Me gusta que me regalen libros, pero casi más me gusta comprarlos, abrirlos por primera vez (no soporto el envoltorio plastificado), contar sus páginas, qué tipo de letra tienen y si hay algún colofón escrito. En esto de escribir colofones es experto y ha casi inventado un género propio el bibliófilo, editor y amigo Manuel Ruiz Luque, del que me gusta saber que tiene una excepcional biblioteca, que cuida con esmero en su Fundación montillana, porque como dice Manuel Rivas "preguntarse por el futuro del libro es también, y sobre todo, preguntarse qué pasará con el ecosistema del libro. Con las librerías y las bibliotecas".

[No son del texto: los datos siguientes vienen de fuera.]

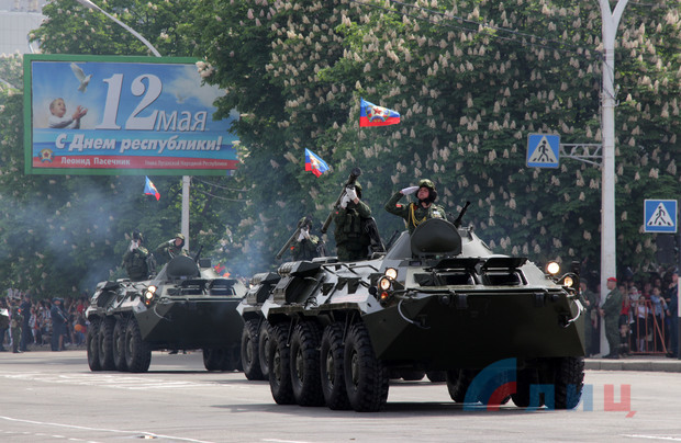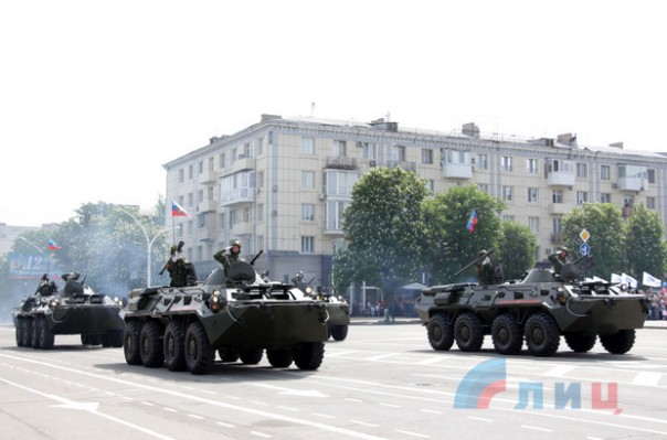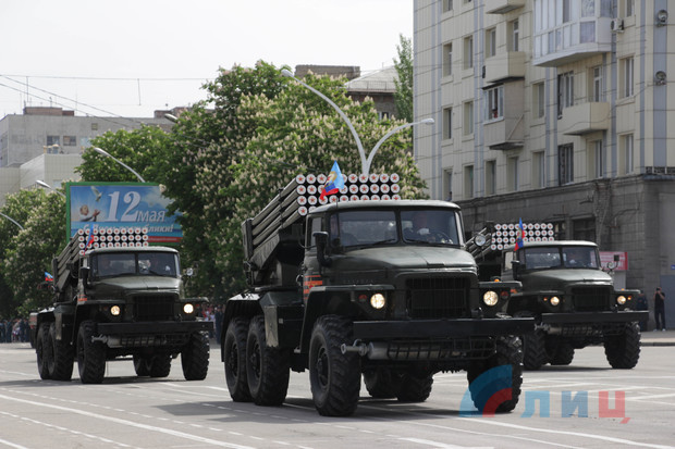 В Народной милиции рассказали, что по Театральной площади проехали танки Т-72, боевые машины пехоты БМП-2, бронетранспортеры БТР-80, 152-мм самоходные артиллерийские установки (САУ) "Гвоздика", 152-мм гаубицы 2А65 "Мста-Б", 122-мм гаубицы Д-30, реактивные системы залпового огня БМ-21 "Град". Замыкали колонну зенитно-ракетные комплексы 9К35 "Стрела-10".

Me gusta entrar en una librería y pasearme entre los estantes antes de elegir un libro, sin saber siquiera si era ese el que iba a comprar. Como también me gusta en las casas ajenas ver qué libros tienen mis anfritiones o que los que vienen a la mía escudriñen los míos (en esto lleva delantera mi cuñado Pepe Cobos). Aunque no me gusta prestar libros ni que me los presten, porque después de leerlos me gusta tener acceso a ellos, no por el refrán que dice "libro prestado, libro perdido". Quizás sea porque cada libro leído lo considero como parte de mí.

Siento un placer casi físico cuando editan un libro mío y lo veo por primera vez, aunque como a don Antonio Machado, me cueste trabajo releerlos, quizás por un insuperable sentido de la autocrítica. Y me noto especial cuando leo un clásico que me transporta a su época, es como si estuviera en una máquina del tiempo. Dice Italo Calvino: "Toda relectura de un clásico es una lectura de descubrimiento como la primera". Y aunque hay gente presta a certificar su defunción, el libro ha sobrevivido a sus quemas: Alejandría, la biblioteca de Alhakén o el propio Hitler.

Un libro es como un amigo donde he acompañado a personajes, he conocido e imaginado mundos, y forma parte de mi memoria personal y también colectiva. Son, más que un regalo, el mejor invento que define el ser humano. Por eso siempre me aterrorizó aquella profecía sobre la extinción obligada del libro en el Farenheit 451 de Ray Bradbury. Seguramente soy un enfermo, un antiguo, un malsano, un obsoleto, un fetichista y muchas cosas más innombrables, pero me gustan y me seguirán gustando los libros.